Parental occupational exposures occurring at periconception, birth, and diagnosis (of the index child) were analysed; these time points correspond to the different biological mechanisms identified for preconception, fetal, and childhood exposure. Exposure at periconception was defined as the job held one year prior to the birth of the child and analysis was restricted to natural parents; for exposures at birth and diagnosis, non-natural parents were included if they were living with the child at the relevant time point.

In order to allocate an occupation to each time point of interest, some incomplete or missing start and finish dates needed to be assigned/imputed based on an algorithm using the available data.
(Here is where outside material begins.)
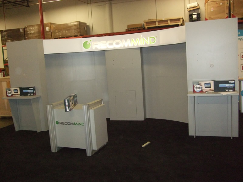 VK-2911 and VK-1316 Hybrid Exhibits with Tension Fabric Exhibits, Puck Lights, Modified MOD-1157 Counter with Locking Storage, Full-size Closet, Monitor Mount, and MOD-1431 Charging Tower VK-2911 and VK-1316 Hybrid Kits VK-2911 and VK-1316 Hybrid Kits MOD-1431 Charging Tower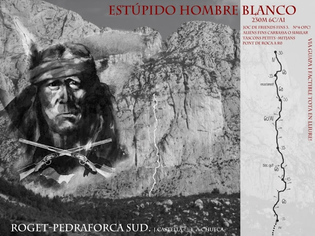 «Estúpido hombre blanco» 230 m, 7b+ (6b+/A1 oblig.): primera en libre y a vista en el Roget, Pedraforca

The percentage of parents for whom dates of employment were imputed at any time point comprised 27% of cases and 26% of controls for incomplete dates and 0.7% of cases and 0.8% of controls for missing dates.

Statistical analysis

Odds ratios (OR) and 95% confidence intervals (95% CI) were computed using unconditional logistic regression16 to permit the inclusion of unmatched cases and controls, with all analyses being routinely adjusted for age at diagnosis in single years (0 to 14), sex, and UKCCS region (10 in total). All controls were used as the comparison group for each diagnostic group, an approach previously adopted in other UKCCS analyses.17,18 For each analysis, the baseline group combined those with an unlikely or unknown exposure;16 the “possibly” exposed were excluded in order to compare clearly defined groups of exposed and unexposed. ORs were calculated for each occupational group at the “definite” level of exposure by time point, parent, and diagnostic group. All statistical analyses were conducted using STATA (version 6.0, StataCorp, 1984–97).

To avoid the over interpretation of chance associations, it was agreed a priori that only those statistically significant associations based on at least five exposed cases or controls were to be discussed. No results are presented for two occupational groups (fishing and tobacco dust) because of the small number of exposed subjects.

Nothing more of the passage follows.